For the demonstration purpose, we present the searching results of scientific computing software packages supported by several large-scale DOE programs, such as the Innovative and Novel Computational Impact on Theory and Experiment (INCITE) program (www.doeleadership-computing.org), Exascale Computing Projects (www.exascaleproject.org), Earth System Modeling (climatemodeling.science.energy.gov), and Subsurface Biogeochemical Research (doesbr.org). For the demonstration purpose, we use five applications in this paper:

  1. 1.

    QMCPACK: A quantum Monte Carlo package designed for the ab initio electronic structure calculations [17]. It includes the implementation of a number of numerous Quantum Monte Carlo (QMC) algorithms.

  2. 2.

    ParFlow A parallel watershed flow model used to simulate different kinds of hydrological processes [20].

  3. 3.

    E3SM: A model used to simulate the interaction between human and Earth systems [1].

  4. 4.

    SICM: A tool provides a simple unified interface to simplify the process of managing the complex memory hierarchies [24].

  5. 5.

    ExaAM (includes Truchas, Tusas, ExaMPM and MEUMAPPS) : ExaAM is a software environment to simulate the complex additive manufacturing process (AM) [19]. Since it is an integration of many software, we use the Truchas [27], Tusas [28], ExaMPM [15] and MEUMAPPS [8] as our test cases. As shown in Table 2, there are four columns for each of them.

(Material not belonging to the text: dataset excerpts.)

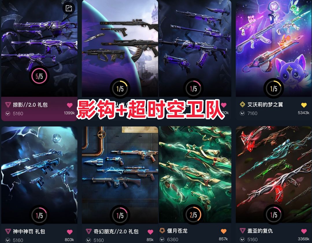 可排★影钩掠夺爪刀紫金爪刀★掠夺2.0套装★苍龙冥狙★超时空卫队梦之翼猫猫光明哨兵狮子盖亚狂徒★神罚
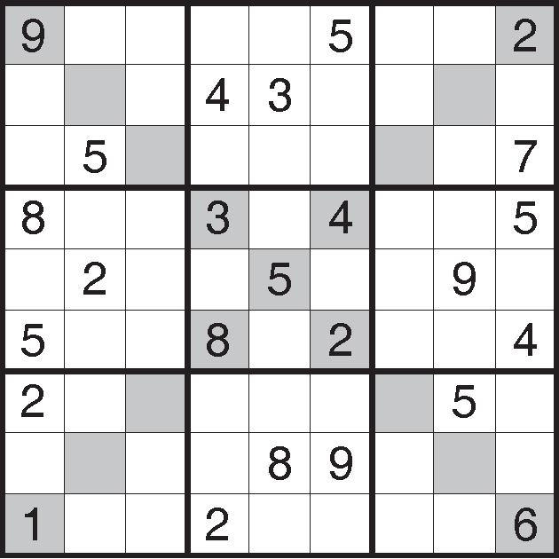 Complete the grid so that each row, column, diagonal and 3x3 square contain all of the numbers 1 to 9. No math is involved. The grid has numbers, but nothing has to add up to anything else. Solve the puzzle with reasoning and logic. Solving time is typically 10 to 30 minutes, depending on your skill and experience.
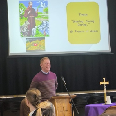 Back at school, all pupils wore trainers to celebrate St Carlo Acutis. Classes also took part in a special Celebration of the Word and wrote special prayers which are displayed in the hall.
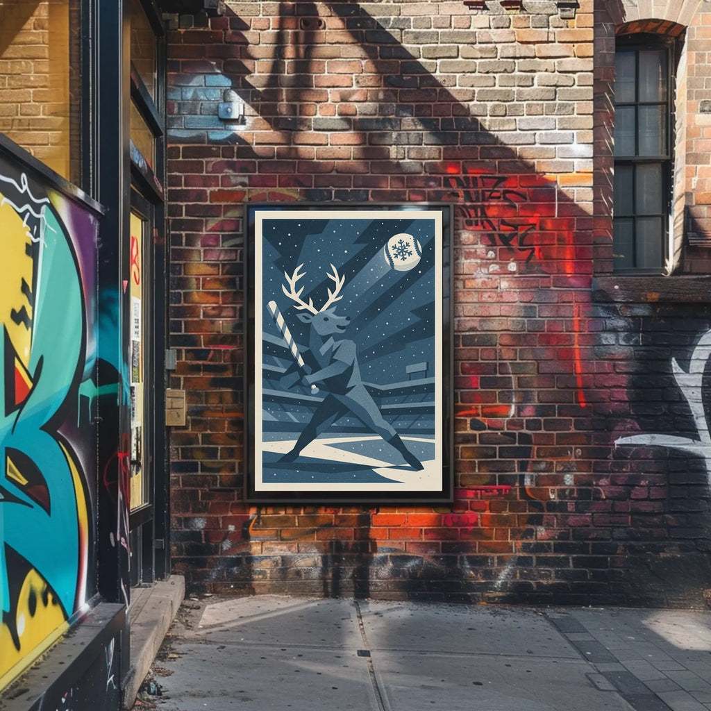 This art print blends the charm of winter with the thrill of baseball, creating a scenic and imaginative poster that can elevate any room. Whether you’re decorating a living area, a study, or a classroom, it adds character and a sense of adventure.
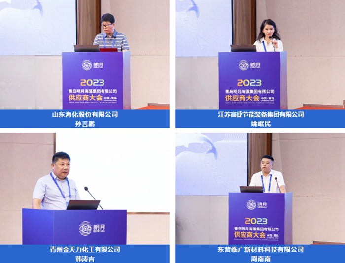 山東海化股份有限公司孫言鵬、江蘇高捷節(jié)能裝備集團有限公司姚岷民、青州金天力化工有限公司韓濤吉、東營臨廣新材料科技有限公司周南南幾位供應商代表上臺分享“他們和明月的故事”。通過他們的講述,讓大家全方位、多角度地了解了一個充滿情懷與溫度的多彩明月。
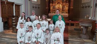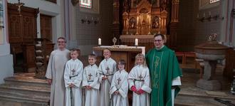 Am Sonntag, den 07. Juli 2024, wurden im Rahmen des feierlichen Gottesdienstes fünf neue Ministranten in die Pfarrgemeinde aufgenommen. Nachdem die Neuen von Zelebrant Pater Gabriel Anton gefragt wurden den Dienst zu übernehmen, antworteten sie kräftig: "wir sind bereit!". Er bedankte sich für die Bereitschaft aller Minis, sowie die Unterstützung der Eltern und betonte wie wichtig die Arbeit der Ministranten sei. Sie seien ein Schmuckstück unserer Kirche und unserer Gemeinschaft. Pastoralreferent Michael Kohl fügte hinzu, dass ihm ein evang. Pastor erzählt hat, dass er die Katholiken um seine Altarhelfer sehr beneide. Nach einem Segensgebet über die neuen Ministranten und die Segnung Kreuze, welche sie bei ihrem Dienst stets tragen, wurden diese feierlich überreicht. Musikalisch mitgestaltet wurde die Messe von der Jugendschola unter der Leitung von Kirchenmusiker Stephan Wahl.
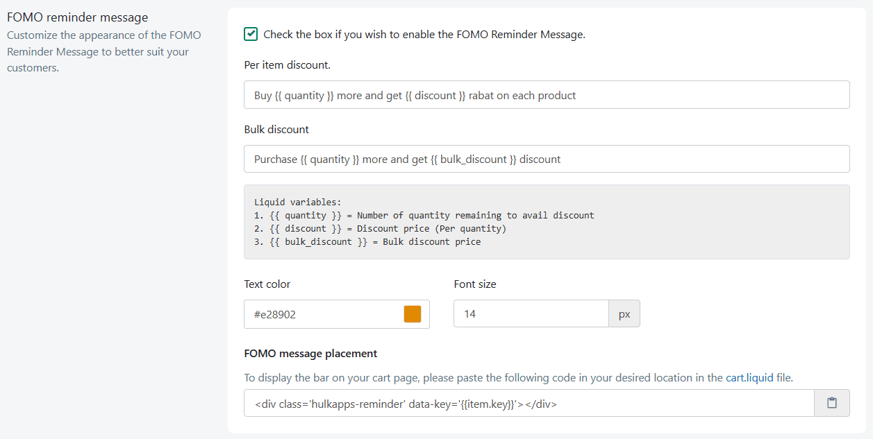Texts on the FOMO Reminder Message can be updated under the App>>Settings>>Cart Settings>>FOMO reminder message
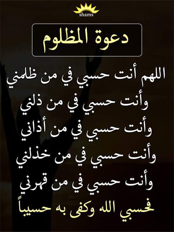 - دعاء المظلوم يا رب الظالم ملك أسباب القوة في الدنيا وأنا عبيدك لا أملك إلا إيماني بك وتوكلي عليك ودعائي يا رب ان الظالم جمع جنده وسلاحه وسجونه وزنازينه ومنع عنى الأهل والأحباب وتركني في ظلمة الزنزانة على الأرض والتراب وأنا عبيدك جمعت له ما استطعت من الدعاء يا رب تمنيت لمن ظلمني الهداية والتوبة وتمنى هلاكي وتدميري ولا حول ولا قوة إلا بك فمن يا رب على دعوة عبيدك المسكين الفقير بوعزتى وجلالك لأنصرنك ولو بعد حين.
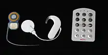 The cochlear implant (left), microphone & signal processor (middle), and the remote control accessory (right)
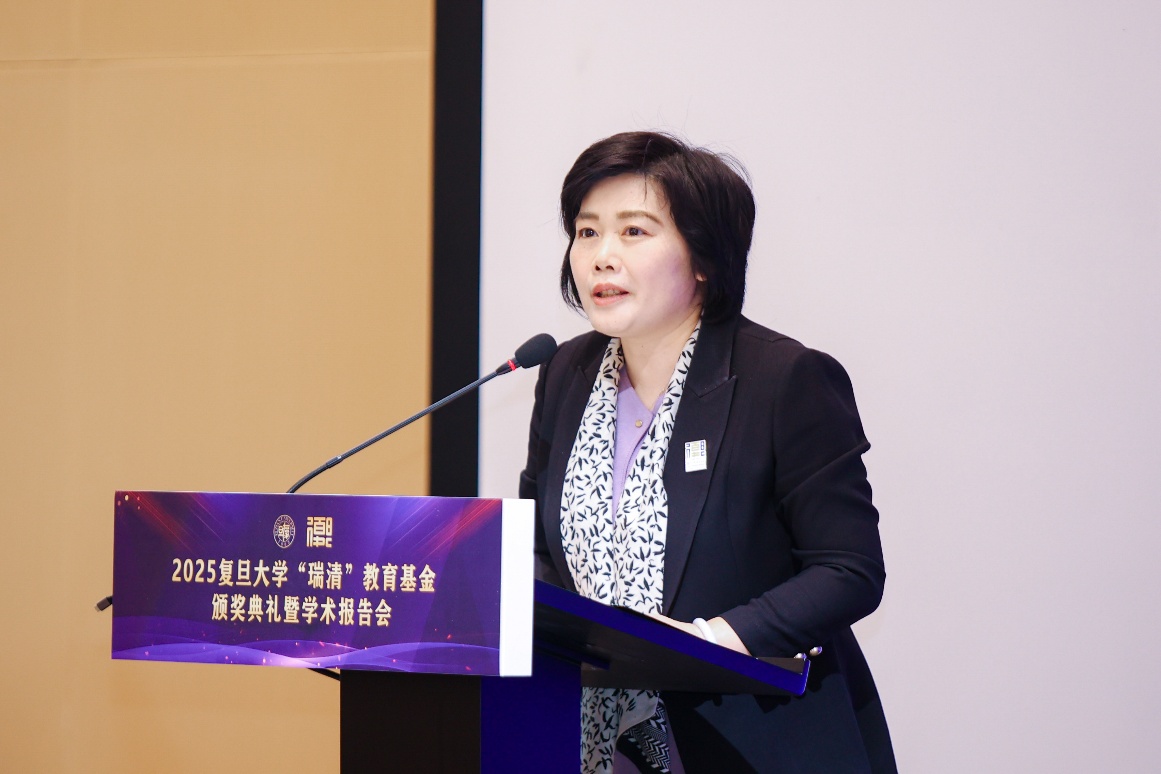 复旦大学党委副书记钱海红向受到表彰的老师和同学们表示热烈祝贺,向长期以来关心支持学校发展的谭瑞清先生和广大校友表示衷心感谢。她强调,“瑞清”基金已成为学校推动化学、材料、高分子及能源等学科领域人才引育和教育教学高质量发展的重要引擎,凝聚着复旦校友对母校的深厚情谊。她希望化学系、高分子科学系和智能材料与未来能源创新学院以基金为纽带,坚持教育、科技、人才一体推进,进一步聚焦国家战略所需、未来发展所向,强化使命驱动,为学校加快迈向中国特色世界一流大学前列贡献更大的力量。

Exemplar FQL results of these applications are listed in the Table 2. It is obviously that MPI and OpenMP are two of the most widely used HPC features.

5 Conclusions

In this paper, we design and develop a software toolkit that automatically collects the software features from scientific codes using a new language, called Feature Query Language (FQL). For specific user-defined questions, we translate and formulate them into FQL queries using the FQL syntax. Then, the toolkit parses and executes the FQL queries over source code to collect information about the software features, such as special hardware, software and architecture requirements. Although we emphasize collecting the HPC features in this study, the capability of the toolkit can be easily extended to other software engineering tasks, such as coding pattern, hardware dependency and portability, as long as these questions can be formulated as valid FQL sentences following the defined FQL syntax that combines command, keyword, and phrase. FQL can also be integrated into other code analysis tools. For instance, FQL is included in an integrated tool called XScan. As described in [34], XScan can be used to analyze the Open Source Community-based Scientific Code.